In recent months, there has been a growing concern within the Solana network due to the rise in malicious activities known as wallet “drainers,” as reported by the blockchain security firm Chainalysis. This network gradually became a more attractive target for cybercriminals as the price of SOL, Solana’s native cryptocurrency, experienced a staggering 400% increase in the last three months.
The firm’s research reveals that one of the largest online communities dedicated to these “draining” activities has over 6,000 members. These “drainers” are malicious kits designed to facilitate cyber theft, especially through phishing scams. Brian Carter, a senior intelligence analyst at Chainalysis, emphasizes the versatility of the most successful kits, which can be adapted to target various assets using different methods.
🚨 SOLANA WALLET DRAINER
We have detected a new Solana wallet drainer kit being actively distributed. This is targeted at popular meme coins such as Bonk, Jupiter, Chonky, Galactic Geckos & dogwifhat.
Our browser extension is now proactively blocking these websites. pic.twitter.com/59VVuUa2eI
— Wallet Guard (@wallet_guard) December 29, 2023
The investigation pointed out a clear connection to Russia and a small community of developers offering these kits, with much of the documentation written in Russian. Although there is a large community focused on Solana, most kits are not exclusively limited to this network, as they are flexible and capable of targeting other assets.
/2 These drainers are highly sophisticated and can deceive the simulations used by Solana wallets, leading users to unknowingly sign malicious transactions.https://t.co/I2kPQl7U3Z pic.twitter.com/QIbGfEVN4z
— Blockaid (@blockaid_) January 2, 2024
Chainalysis Recommendations to Prevent Attacks
In response to this growing threat, the use of security tools such as Wallet Guard is recommended, which has recently implemented specific protections against Solana “drainers.” Additionally, it is highlighted that phishing through malicious links is a common attack vector, and cybercriminals often exploit users’ fear of missing out by spamming decentralized finance communities with links to seemingly legitimate but fraudulent websites.

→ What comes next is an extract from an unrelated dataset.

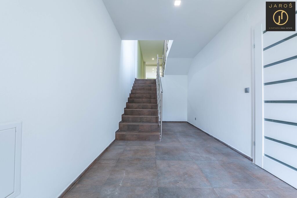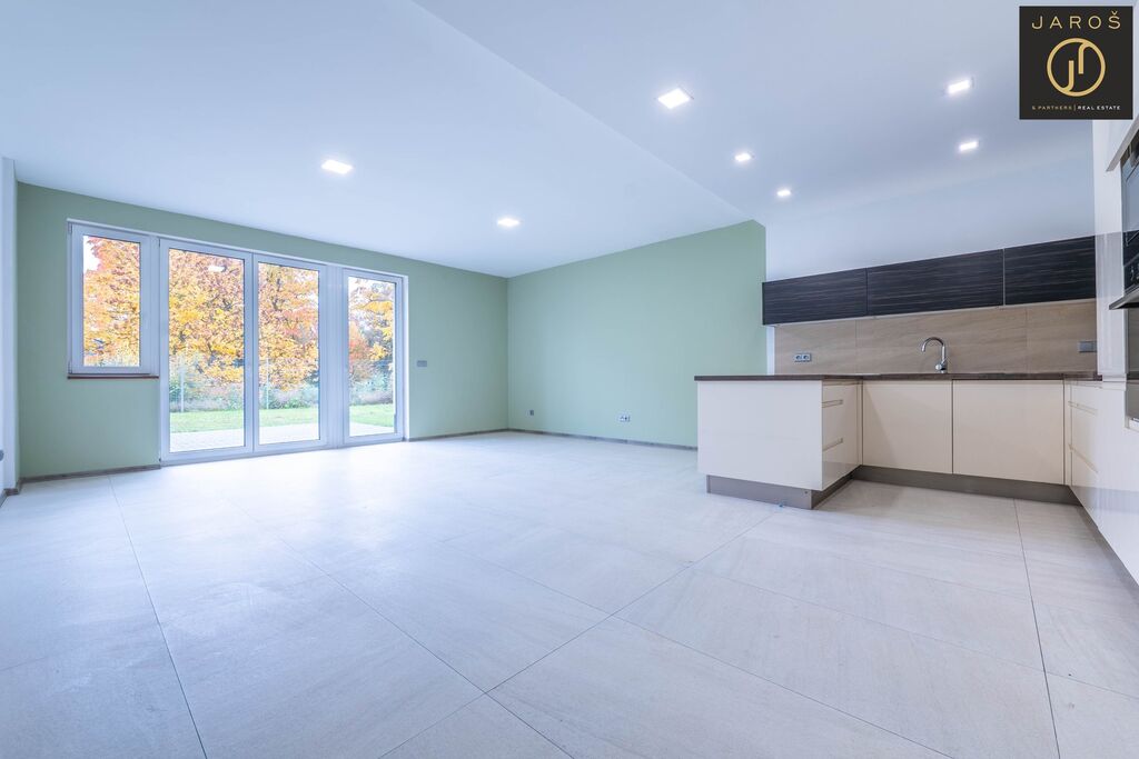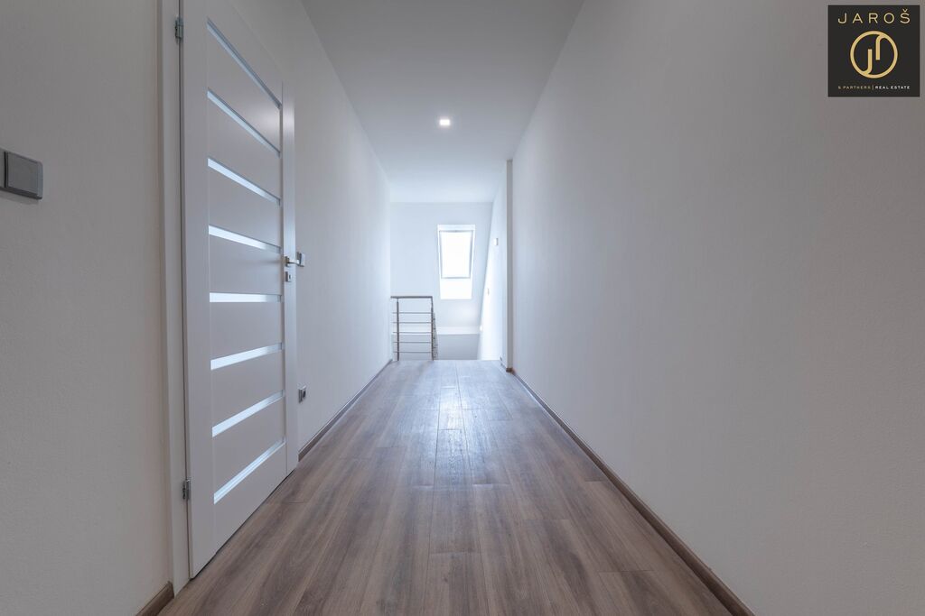 Nabízíme vám k prodeji moderní řadový rodinný dům o dispozici 5+kk s celkovou plochou 234 m² v projektu Rezidence Park Svitavy. Dům nabízí prostorný obývací pokoj s kuchyňským koutem, který přímo navazuje na terasu a zahradu směrem do parku. V přízemí se dále nachází koupelna, pracovna a zádveří. Mezipatro nabízí vstup na terasu směrem do ulice. V patře jsou čtyři samostatné pokoje, koupelna a balkon s příjemným výhledem do zeleně, přístupný z obou pokojů. Součástí je také garáž přístupná ze vstupní chodby a dvě parkovací stání přímo před domem.

The proliferation of Solana draining kits experienced a significant surge since December of last year when they began to be offered in private hacker chat groups and on the dark web for as little as $250 per month, according to CertiK, another blockchain security firm. These kits are designed to deceive users through phishing scams, convincing them to enter wallet details on fake websites. In this context, where security takes on greater importance, it is crucial for the user community to stay vigilant and employ appropriate protection measures to safeguard their digital assets.